A cluster of anomalies in a domain defined by precision cannot be assessed through routine explanations alone. When high-reliability systems begin to falter in close succession — especially in missions tied to strategic capability — the issue ceases to be merely technical and becomes institutional. What we are witnessing is not just a series of mission setbacks, but a moment that compels deeper scrutiny of design integrity, investigative transparency, and the broader governance narrative that now surrounds India’s space programme.
The record itself is deeply disquieting
On 29 January 2025, NVS-02, a second-generation NavIC satellite with clear strategic utility, was launched successfully, yet failed to raise itself to geostationary orbit due to an oxidiser valve malfunction in the apogee boost motor. What made the episode extraordinary was not merely the malfunction but the reported simultaneous failure of both primary and redundant control pathways. Redundancy exists precisely to prevent single-point failure.
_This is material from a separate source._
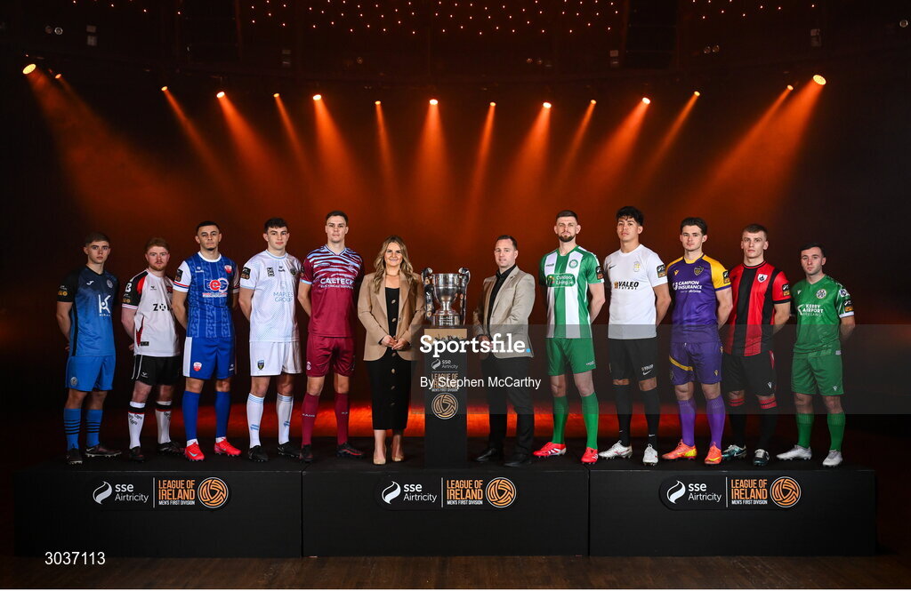 5 February 2025; Ashley Morrow, head of brand, advertising and sponsorship at SSE Airtricity; and League of Ireland director Mark Scanlon with SSE Airtricity Men's First Division players, from left, Anto Dodd of Finn Harps, Aodh Dervin of Dundalk, Yoyo Mahdy of Treaty United, Eanna Clancy of UCD, Cian Coleman of Cobh Ramblers, Killian Cantwell of Bray Wanderers, German Fuentes Rodriguez of Athlone Town, Aaron Dobbs of Wexford, Dean O'Shea of Longford Town and Sean McGrath of Kerry during the SSE Airtricity Men’s Premier Division, SSE Airtricity Men’s First Division and SSE Airtricity Women’s Premier Division Launch 2025 at Mansion House in Dublin. Photo by Stephen McCarthy/Sportsfile

If both main and redundant power lines were indeed routed through a common digital connector — as has been widely and quietly discussed in informed technical circles — the very architecture of redundancy stands compromised by design. Aerospace-grade connectors of this class are engineered to minimise failure probabilities to extremely low thresholds. Such an outcome cannot be casually dismissed as routine malfunction.
The unease deepened during the emergency military launch of RISAT-1B (later redesignated EOS-09) aboard PSLV-C61 on 18 May 2025, which reportedly failed following a sudden drop in chamber pressure in the third-stage solid motor. In the operational history of the PSLV, the third-stage solid motor had never been the point of failure. Solid motors, by their very design, have no valves, no moving parts, and minimal sequencing complexity. They are regarded as among the most reliable subsystems in launch vehicles globally. When such a stage fails, the anomaly is not merely technical — it is statistically alarming.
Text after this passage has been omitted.